Over the past 12 months, changes in total construction starts have been essentially flat and will remain that way through the first quarter of 2024, according to Richard Branch, Dodge Construction Network chief economist.
Differences in construction starts, however, are more pronounced when looking at individual market segments.
Nonbuilding starts were 22% higher, and nonresidential building starts gained 3%. Conversely, on a 12-month rolling basis, residential starts posted a 16% decline.
“It's really interesting to see this bifurcation in the market,” Branch said, noting that publicly funded projects like infrastructure, manufacturing, education, and healthcare are doing reasonably well. “It's that private side of the market, whether that's residential or the income property types like office and warehouse, that are doing especially weak over the last 12 months.”
In the current economic climate, interest rates remain high, and Branch forecasts that will likely remain the case until at least the summer of 2024 when he believes the Federal Reserve will start to cut rates.
“Credit standards continue to be tight and there are of course a lot of externalities facing the construction market,” he said.
There are a lot of risks whether it’s higher energy prices, enhanced geopolitical risk, or enhanced domestic risk surrounding Congress getting the appropriation bills done on time for the current fiscal year.
“A return to broad-based growth in construction starts is still some time away,” Branch suggested.
Overall, he is projecting construction starts to remain flat through the end of 2023 and even into the first quarter of 2024.
“We don't expect a lot of positive momentum in the first quarter of next year,” Branch said. “Once we get into the summer of 2024, we think that that's where we'll start to build on levels, and we'll start to see some more organic growth develop in the construction sector.”
The Dodge report indicates that nonbuilding construction starts fell 9% in September to a seasonally adjusted annual rate of $345 billion.
The bulk of the loss was environmental public works starts falling 29% and highway and bridge starts dropping 15%.
However, not all sectors fell. Miscellaneous nonbuilding starts were up 4%, and utility/gas plant starts gained 14%.
Year-to-date through September, nonbuilding starts have gained 25%.
According to the Dodge report, utility/gas plants rose 58%, and miscellaneous nonbuilding starts were up 23%, highway and bridge starts gained 13%, and environmental public works were up 16%.
On a year-over-year basis, total nonbuilding starts were 22% higher than that of September 2022. Over that same 12-month period, utility/gas plant and miscellaneous nonbuilding starts rose 35% and 22%, respectively.
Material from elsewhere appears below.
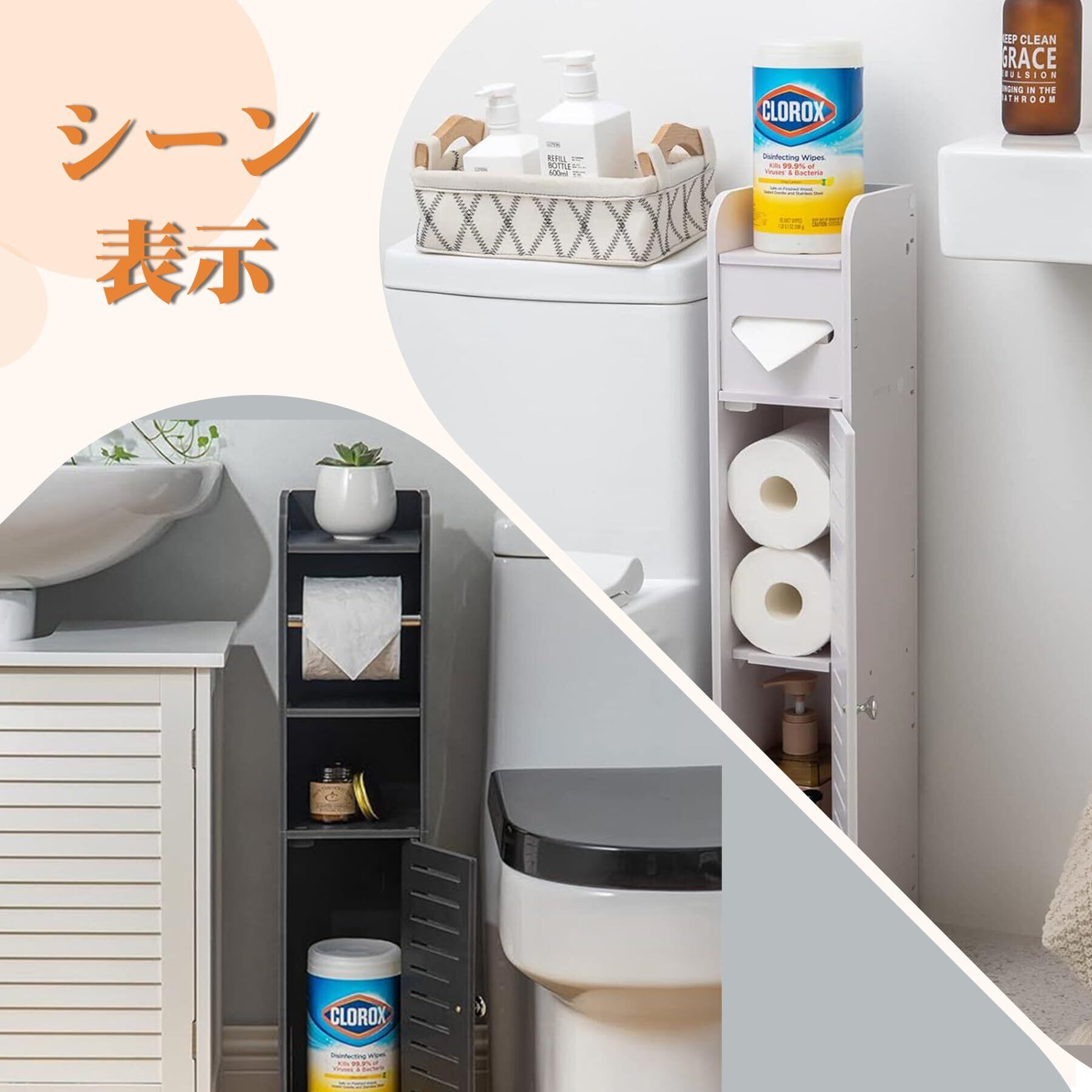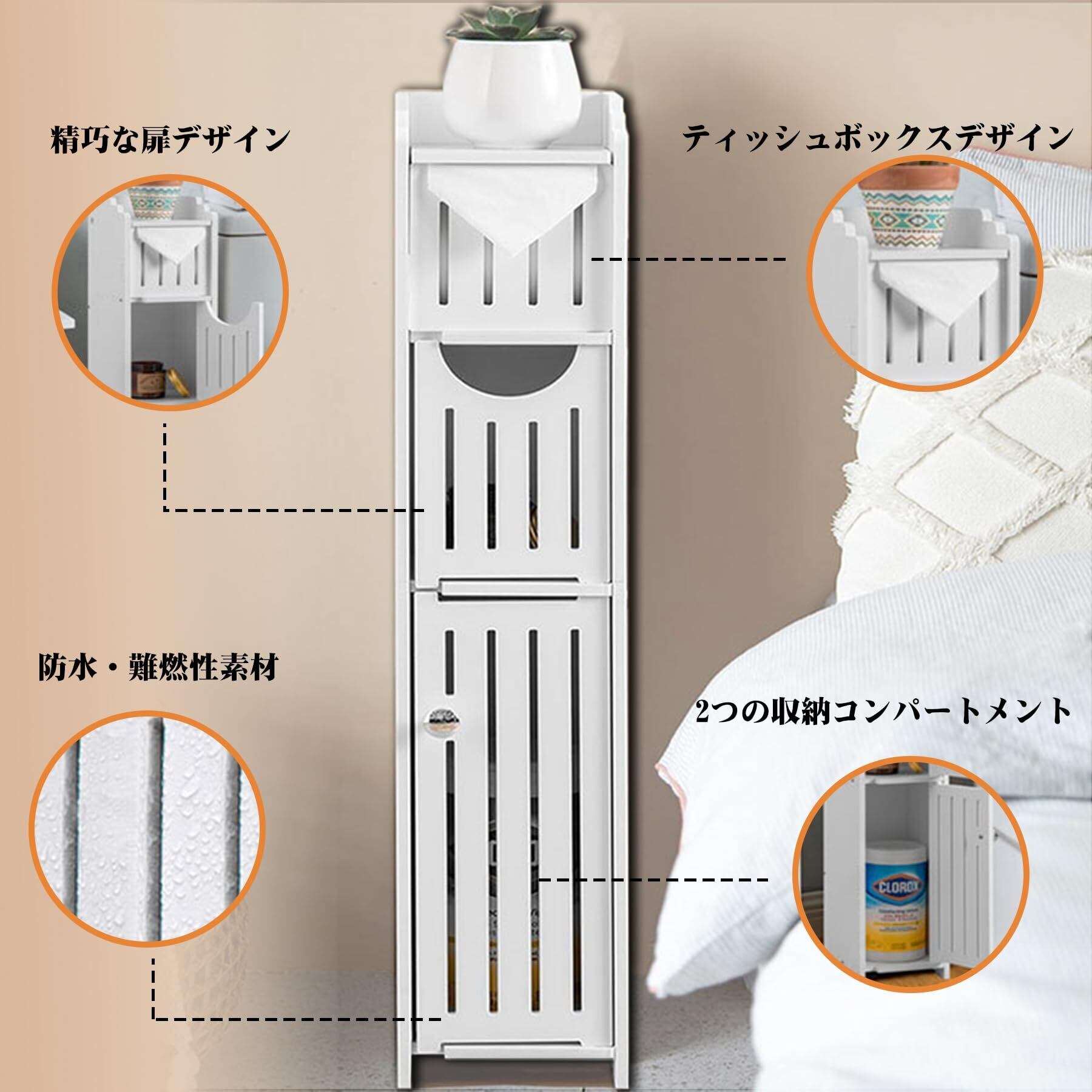 CZEAR トイレ 収納 隙間収納 スリム 収納 防水 防湿 組立簡単 玄関/洗面所/寝室/書斎 省スペース バスルーム収納 トイレ 収納 隙間収納
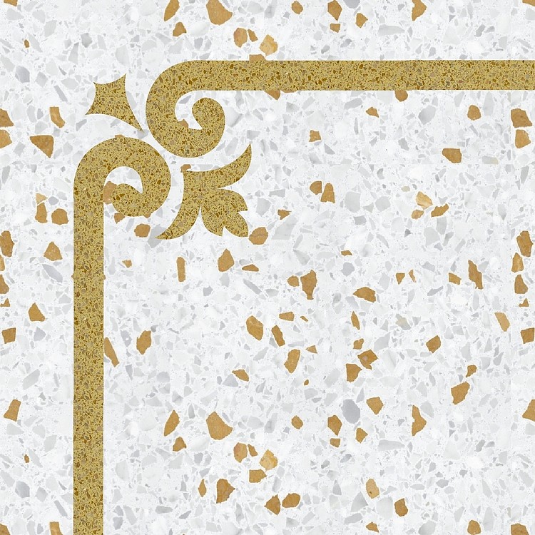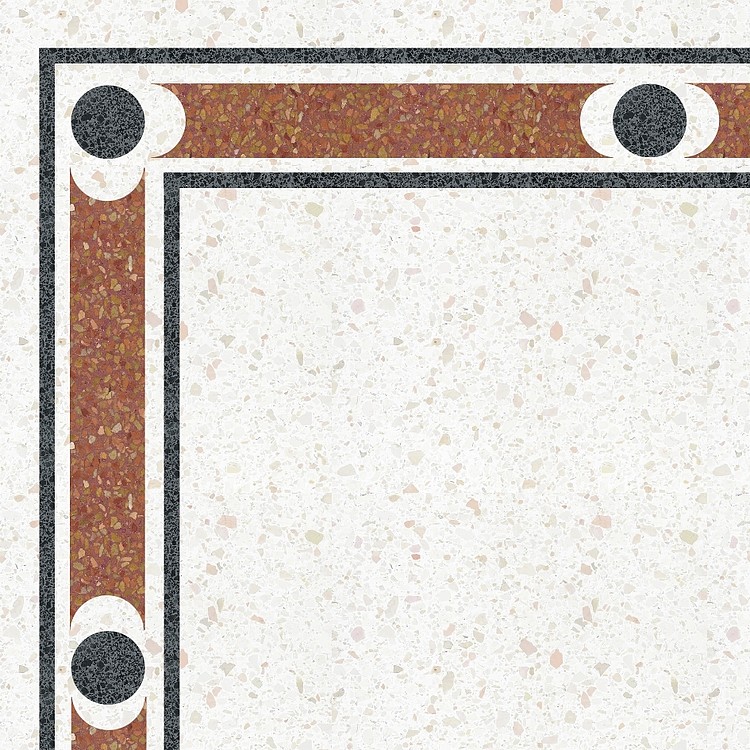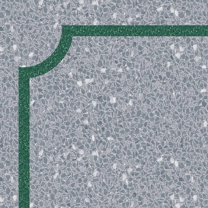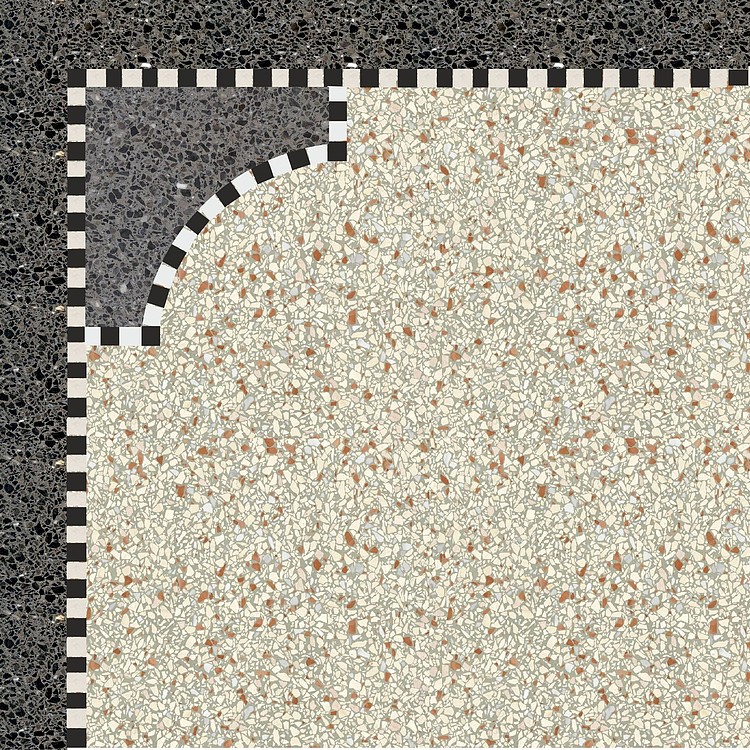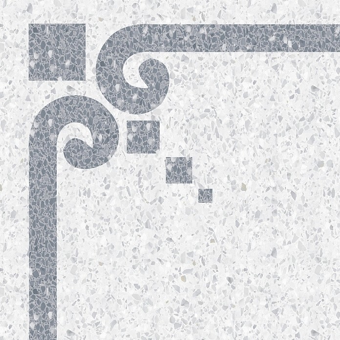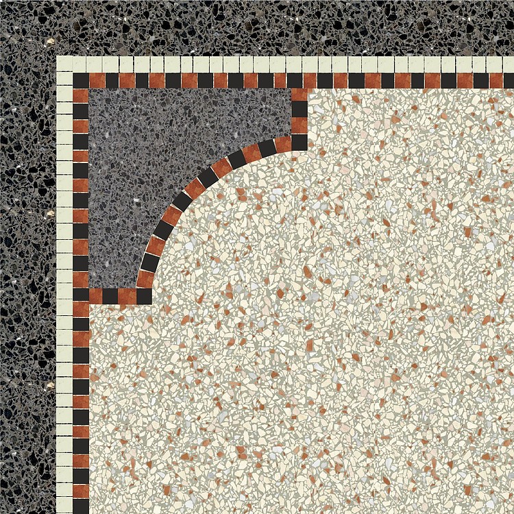 Die hier dargestellten Eckmuster sind keine Standartmuster, sondern dienen lediglich der leichteren Auswahl zum Entwurf eines Terrazzobodens. Grundsätzlich wird jeder von uns verlegte Terrazzoboden individuell im Grundton, Granulatfarbe, -größe und Bindemittel hergestellt. Der Fantasie sind keinerlei Grenzen gesetzt.

Highway and bridge start, in addition to environmental public works starts, were both up 18% on a 12-month rolling sum basis.
In September the $4.5 billion Sun Zia transmission line across Arizona and New Mexico, the $525 million fourth phase of the Cedar Springs wind farm in Converse County, Wyoming, and the $485 million Prospect Lake Clear Water Center in Fort Lauderdale, Florida each got underway.
The Dodge report indicates that nonresidential building starts fell 4% to a seasonally adjusted annual rate of $459 billion.
Classified as office structure in the Dodge database, commercial starts rose 6% due to data center work. The remaining segments all declined including institutional at 8% and manufacturing dropping 13%.
Year-to-date through September, total nonresidential starts are down 7% from 2022.
According to the report, institutional starts gained 5%, while commercial and manufacturing starts have fallen 6% and 31%, respectively.
On a 12-month rolling analysis ending in September 2023, total nonresidential building starts were 3% higher than that ending September 2022.
While down on a month-to-month basis, commercial starts have gained 4%, institutional starts are up 8% and manufacturing is 8% lower.
Dodge reported the $2.5 billion Hyundai/SK EV battery plant in Cartersville, Georgia, a $1.1 billion prison in Elmore, Alabama, and the $1 billion Microsoft data center in Mount Pleasant, Wisconsin as some of the largest nonresidential building projects to break ground in September.
Residential building starts fell 6% in September to a seasonally adjusted annual rate of $394 billion. Single-family starts gained 1%, while multifamily starts lost 17%.
On a year-over-year analysis, residential starts were down 17% compared to 2022.
According to. the Dodge Network report, single-family starts were 19% lower, and multifamily starts were down 12% on a rolling 12-month basis.
Top-end multifamily structures breaking ground in September included the
The largest multifamily structures to break ground in September were the $385 million Phase One of the South Pier Residential Towers in Tempe, Arizona, the $275 million first phase of the Casa Bella Condominiums in Miami, Florida, and the $260 million Chapel Block mixed-use development in Philadelphia, Pennsylvania.